If this returns empty, check the OMI log (/var/log/omiserver.log on Linux OMI client, or Event Viewer on Windows).
Ensure your omi new syntax is correct:
# Correct form (namespace class)
omi new root/cimv2 Win32_OperatingSystem
Step 4: Use the Correct OMI Command for Retrieval
If your original script used omi new, rewrite it to use omi enumerate or, better yet, use the CIM_OperatingSystem class (the cross-platform standard):
# Recommended cross-platform approach
omicli query "SELECT * FROM CIM_OperatingSystem" -n root/cimv2
Why? CIM_OperatingSystem is the DMTF-standard class that maps to Win32OperatingSystem on Windows, but is also available on Linux OMI servers.
3. Diagnostic Steps
Fix D: Elevate OMI Service Privileges
Symptom: Error only occurs when the user is in OMI Users but Local System queries fail.
Solution:
- Open
services.msc
- Find Open Management Infrastructure (OMI Engine)
- Right-click → Properties → Log On tab
- Change from
Local System (default) to a domain account with WMI admin rights, or ensure "Allow service to interact with desktop" is checked (though typically, Local System is correct).
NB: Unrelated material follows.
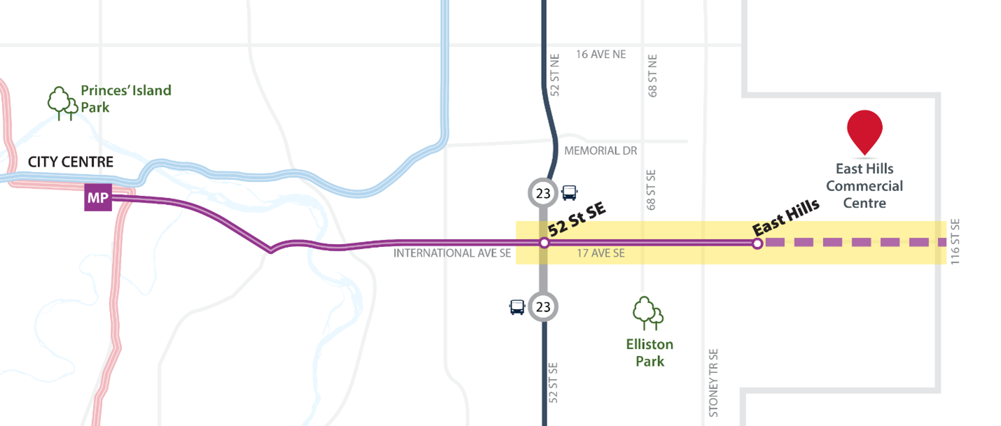 The MAX Purple East Extension BRT study focuses on extending the existing MAX Purple transitway along 17 Avenue east of 54 Street. S.E. to 116 Street S.E., enhancing transit connectivity between downtown and Inglewood to International Avenue.
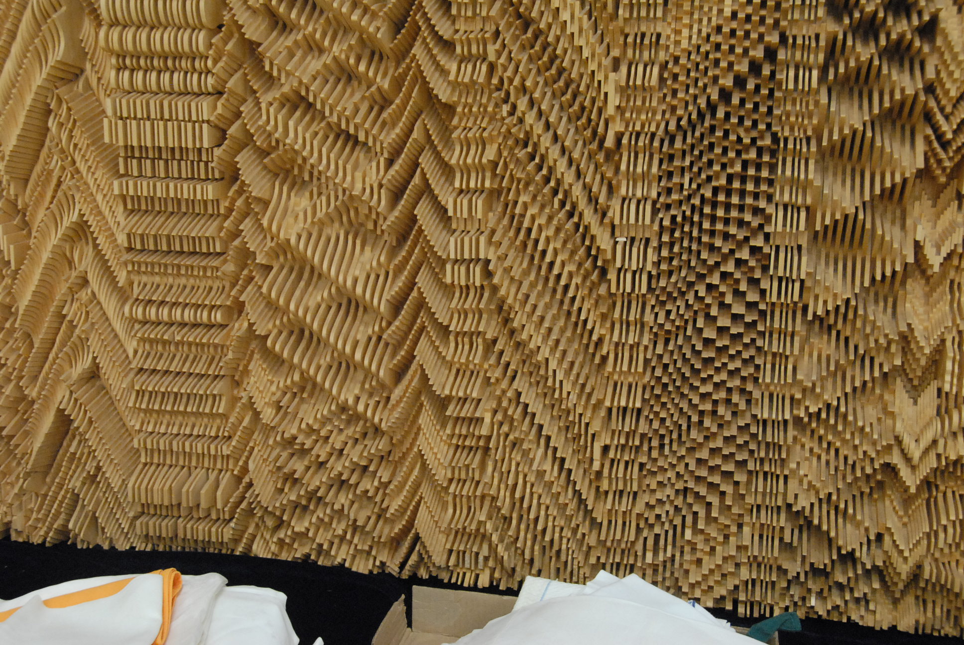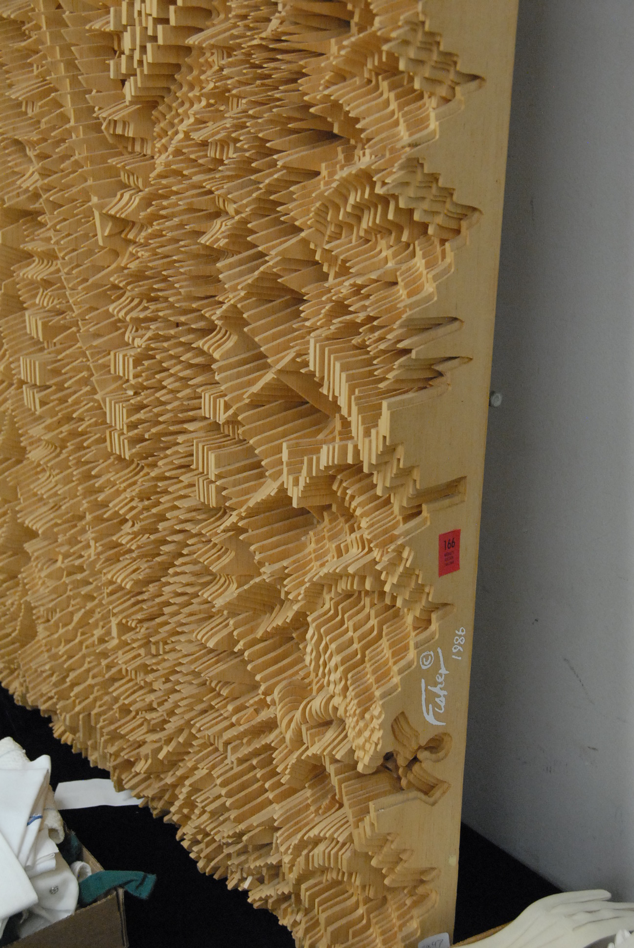 Wood three dimensional wall hanging signed Fisher 1986, 54 x 47, probably balsa wood.

- Note: Changing away from Local System often breaks more things than it fixes. Instead, ensure the service runs as
NT AUTHORITY\SYSTEM and that this account has WMI permissions (which it does by default).
Minimal Diagnostic Checklist to Run Now
- On target:
Get-CimInstance -ClassName Win32_OperatingSystem (Windows) — success? yes/no
- From client: test connectivity to target management port.
- Confirm namespace root\cimv2 exists and contains Win32_OperatingSystem.
- Check logs on target and client for provider or authentication errors.